The analysis of the proteome is complicated by the presence of isoforms, post-translational modification (PTM), and the insufficient correlation between the abundance of protein and the transcriptomic or genomic information. As the current state-of-the-art, mass spectrometry-based proteomics methods remain limited in their sensitivity and dynamic range compared to the established single-molecule approaches in genomics and transcriptomics.[1,2] In particular, single-molecule identification of peptides and proteins would enable the analysis of biomarkers that are present in very small quantities, for example in diluted clinical samples, single cells, or isolated organelles.[3]

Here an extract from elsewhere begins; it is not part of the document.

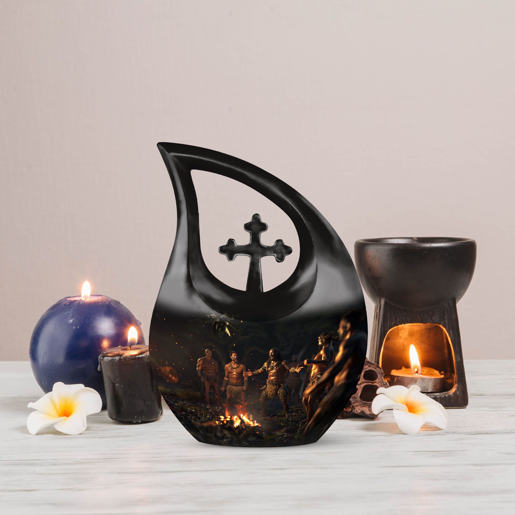 The Tribe Man Memorial Urn offers a powerful and symbolic tribute for honoring the memory of a beloved mother, father, or family member. Designed with a meaningful tribal motif representing heritage, unity, and eternal strength, it brings comfort to families seeking burial urns for adult human ashes or a heartfelt ashes memorial keepsake to honor their loved one’s legacy.

In this work, we provide a proof-of-concept of a fundamentally new approach to identify single peptide molecules, including subtle PTMs, that does not rely on sequencing.[4]  Although this method is presently constrained to targeted studies, it holds potential as a widely applicable, rapid, and accurate single-molecule proteomics technology. Our approach exploits the emission of a spontaneously blinking fluorophore to capture information on the chemical environment of the probe.[5] We use single-molecule fluorescence measurements and a deep learning model based on convolutional, gated-recurrent unit layers to identify the peptide of interest in a targeted manner. By implementing Monte Carlo dropout, we obtain an uncertainty measure for classification which we use for filtering out low-quality traces. We first validate our method on a small set of unnatural peptides of the same length but varying amino acid sequences, which allows us to classify single peptide molecules with overall accuracies > 90 %.[4]   Furthermore, the method can be applied to differentiate between peptides with a variable number and position of PTMs. The applicability of the analysis is demonstrated for two PTMs, including the epimerization of an amino acid which would be very difficult to analyze by mass spectrometry. We envision that the technology is adaptable to molecules beyond peptides and proteins depending on available conjugation strategies. Moreover, the method has the potential for further refinement in experimental and analysis aspects to improve the accuracy and extend the applicability to real biological samples.